Exercise details: Down to the last line, set down the material below exactly; skip the pictures.

Recorded information:
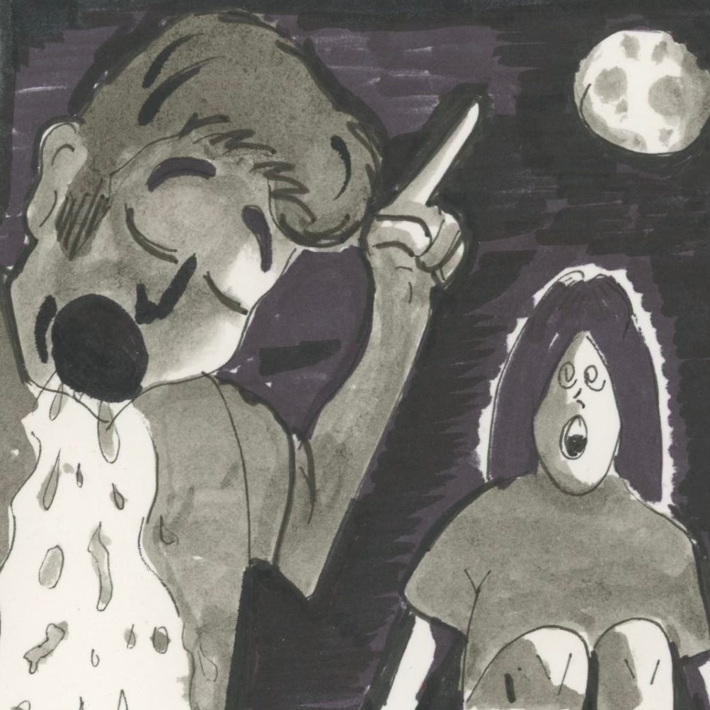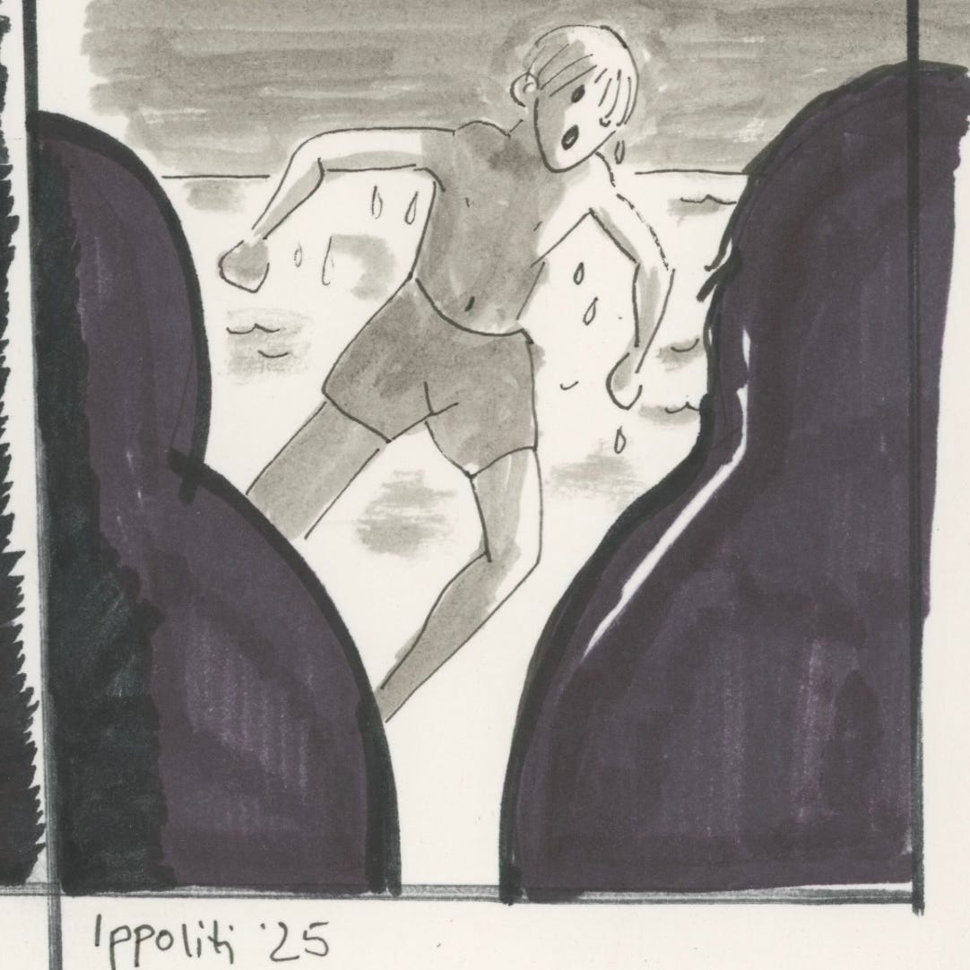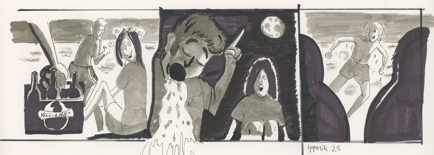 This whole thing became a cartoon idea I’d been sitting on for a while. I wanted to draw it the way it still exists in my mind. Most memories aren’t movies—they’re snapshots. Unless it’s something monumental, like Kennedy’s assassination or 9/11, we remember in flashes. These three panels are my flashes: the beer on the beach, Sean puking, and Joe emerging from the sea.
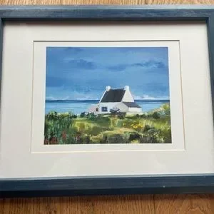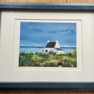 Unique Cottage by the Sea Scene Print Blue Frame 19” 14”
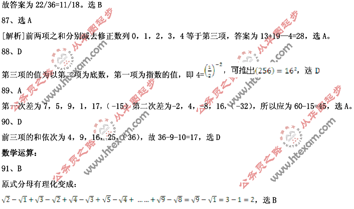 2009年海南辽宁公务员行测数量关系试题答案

Answer area:
 This whole thing became a cartoon idea I’d been sitting on for a while. I wanted to draw it the way it still exists in my mind. Most memories aren’t movies—they’re snapshots. Unless it’s something monumental, like Kennedy’s assassination or 9/11, we remember in flashes. These three panels are my flashes: the beer on the beach, Sean puking, and Joe emerging from the sea.
 Unique Cottage by the Sea Scene Print Blue Frame 19” 14”
 2009年海南辽宁公务员行测数量关系试题答案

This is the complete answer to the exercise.